What is the role of METTL7A in RNA modification and exosome packaging?

METTL7A exhibits RNA methylation activity with potential implications for intercellular communication:

• lncRNA methylation:

  • METTL7A can methylate the N6 position of adenosine residues in long non-coding RNAs (lncRNAs)

  • This may alter lncRNA structure, stability, or interactions with other cellular components

• Exosome packaging:

  • METTL7A may facilitate the transfer of lncRNAs into exosomes at the tumor-stroma interface

  • This suggests a role in intercellular communication, particularly in the tumor microenvironment

• Research applications:

  • METTL7A antibodies can be used to study the localization and interactions of this protein in the context of RNA processing and exosome biogenesis

  • Co-localization studies with exosomal markers could reveal the spatial relationship between METTL7A and exosome formation sites

  • Immunoprecipitation with METTL7A antibodies may help identify associated RNAs and proteins involved in exosome packaging

What are common issues when working with METTL7A antibodies and how can they be resolved?

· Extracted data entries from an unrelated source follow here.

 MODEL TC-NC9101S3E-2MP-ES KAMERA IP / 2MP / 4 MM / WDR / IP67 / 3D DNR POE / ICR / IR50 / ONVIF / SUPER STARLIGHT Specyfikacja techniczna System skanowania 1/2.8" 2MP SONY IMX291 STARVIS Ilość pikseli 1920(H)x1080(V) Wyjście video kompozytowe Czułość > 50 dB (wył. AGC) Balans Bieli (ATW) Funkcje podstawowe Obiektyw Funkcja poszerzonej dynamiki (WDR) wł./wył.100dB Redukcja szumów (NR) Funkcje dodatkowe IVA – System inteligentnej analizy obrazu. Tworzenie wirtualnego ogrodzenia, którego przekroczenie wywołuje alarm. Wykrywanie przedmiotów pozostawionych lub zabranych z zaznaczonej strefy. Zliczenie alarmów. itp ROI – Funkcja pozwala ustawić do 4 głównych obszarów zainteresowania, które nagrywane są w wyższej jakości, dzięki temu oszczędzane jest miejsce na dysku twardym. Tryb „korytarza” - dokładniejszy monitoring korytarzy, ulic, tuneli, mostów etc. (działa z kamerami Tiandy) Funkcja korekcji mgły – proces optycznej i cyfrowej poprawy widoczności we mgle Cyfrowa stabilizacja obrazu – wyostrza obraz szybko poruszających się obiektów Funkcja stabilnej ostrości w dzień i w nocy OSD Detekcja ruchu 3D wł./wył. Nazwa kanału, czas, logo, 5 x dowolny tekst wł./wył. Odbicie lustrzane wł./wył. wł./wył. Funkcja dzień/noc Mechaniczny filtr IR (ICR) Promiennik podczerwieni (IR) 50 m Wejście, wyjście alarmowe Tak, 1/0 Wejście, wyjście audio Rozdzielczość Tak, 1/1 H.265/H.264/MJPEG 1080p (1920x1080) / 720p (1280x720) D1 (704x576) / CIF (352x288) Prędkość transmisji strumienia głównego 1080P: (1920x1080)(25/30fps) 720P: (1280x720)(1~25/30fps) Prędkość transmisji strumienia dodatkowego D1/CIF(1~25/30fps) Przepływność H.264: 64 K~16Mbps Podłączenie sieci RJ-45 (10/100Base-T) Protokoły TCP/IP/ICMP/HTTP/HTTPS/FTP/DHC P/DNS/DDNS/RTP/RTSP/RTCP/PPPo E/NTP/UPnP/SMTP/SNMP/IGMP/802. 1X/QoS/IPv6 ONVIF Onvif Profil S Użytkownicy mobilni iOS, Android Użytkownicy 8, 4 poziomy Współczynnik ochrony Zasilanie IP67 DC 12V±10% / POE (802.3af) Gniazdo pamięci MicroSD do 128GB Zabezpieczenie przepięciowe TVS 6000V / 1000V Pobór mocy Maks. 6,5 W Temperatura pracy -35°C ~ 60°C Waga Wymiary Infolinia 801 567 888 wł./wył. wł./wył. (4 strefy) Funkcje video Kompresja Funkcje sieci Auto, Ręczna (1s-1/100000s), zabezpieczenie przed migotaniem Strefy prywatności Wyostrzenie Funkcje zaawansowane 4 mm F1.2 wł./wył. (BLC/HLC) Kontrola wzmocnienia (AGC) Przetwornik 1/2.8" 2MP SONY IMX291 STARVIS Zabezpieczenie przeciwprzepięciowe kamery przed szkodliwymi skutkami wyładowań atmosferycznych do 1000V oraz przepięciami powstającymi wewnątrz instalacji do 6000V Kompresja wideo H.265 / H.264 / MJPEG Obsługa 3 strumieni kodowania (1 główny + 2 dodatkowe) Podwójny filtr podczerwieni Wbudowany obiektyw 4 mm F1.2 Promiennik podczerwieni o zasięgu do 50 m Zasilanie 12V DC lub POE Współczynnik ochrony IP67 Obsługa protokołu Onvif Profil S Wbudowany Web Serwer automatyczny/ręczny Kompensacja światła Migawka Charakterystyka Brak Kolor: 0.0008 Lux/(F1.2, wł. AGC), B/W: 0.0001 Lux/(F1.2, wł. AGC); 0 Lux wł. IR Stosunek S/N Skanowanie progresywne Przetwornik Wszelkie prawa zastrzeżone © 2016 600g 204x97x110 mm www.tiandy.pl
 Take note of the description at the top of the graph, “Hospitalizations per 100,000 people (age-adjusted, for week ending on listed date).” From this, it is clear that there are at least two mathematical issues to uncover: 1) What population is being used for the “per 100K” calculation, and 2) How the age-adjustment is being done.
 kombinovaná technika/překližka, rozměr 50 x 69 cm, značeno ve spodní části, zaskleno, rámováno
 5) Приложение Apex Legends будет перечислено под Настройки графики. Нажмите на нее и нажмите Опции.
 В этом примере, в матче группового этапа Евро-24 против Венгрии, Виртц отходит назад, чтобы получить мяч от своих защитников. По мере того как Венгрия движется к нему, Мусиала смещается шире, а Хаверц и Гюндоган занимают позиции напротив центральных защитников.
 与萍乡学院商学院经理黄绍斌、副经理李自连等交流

Researchers may encounter several challenges when working with METTL7A antibodies:

• Variable molecular weight detection:

  • Issue: Different observed molecular weights (25-28 kDa vs. 68 kDa) reported across antibodies

  • Solution: Run positive controls with known METTL7A expression to identify the correct band; consider using multiple antibodies targeting different epitopes to confirm results

• Cross-reactivity concerns:

  • Issue: Potential cross-reactivity with METTL7B due to sequence similarity

  • Solution: Verify antibody specificity using METTL7A knockout controls; use antibodies specifically tested for lack of cross-reactivity with METTL7B

• Optimization for different applications:

  • Issue: An antibody that works well for Western blot may not perform optimally for immunohistochemistry

  • Solution: Each application requires separate optimization; follow recommended dilution ranges for specific applications (WB: 1:5000-1:50000; IHC: 1:200-1:800)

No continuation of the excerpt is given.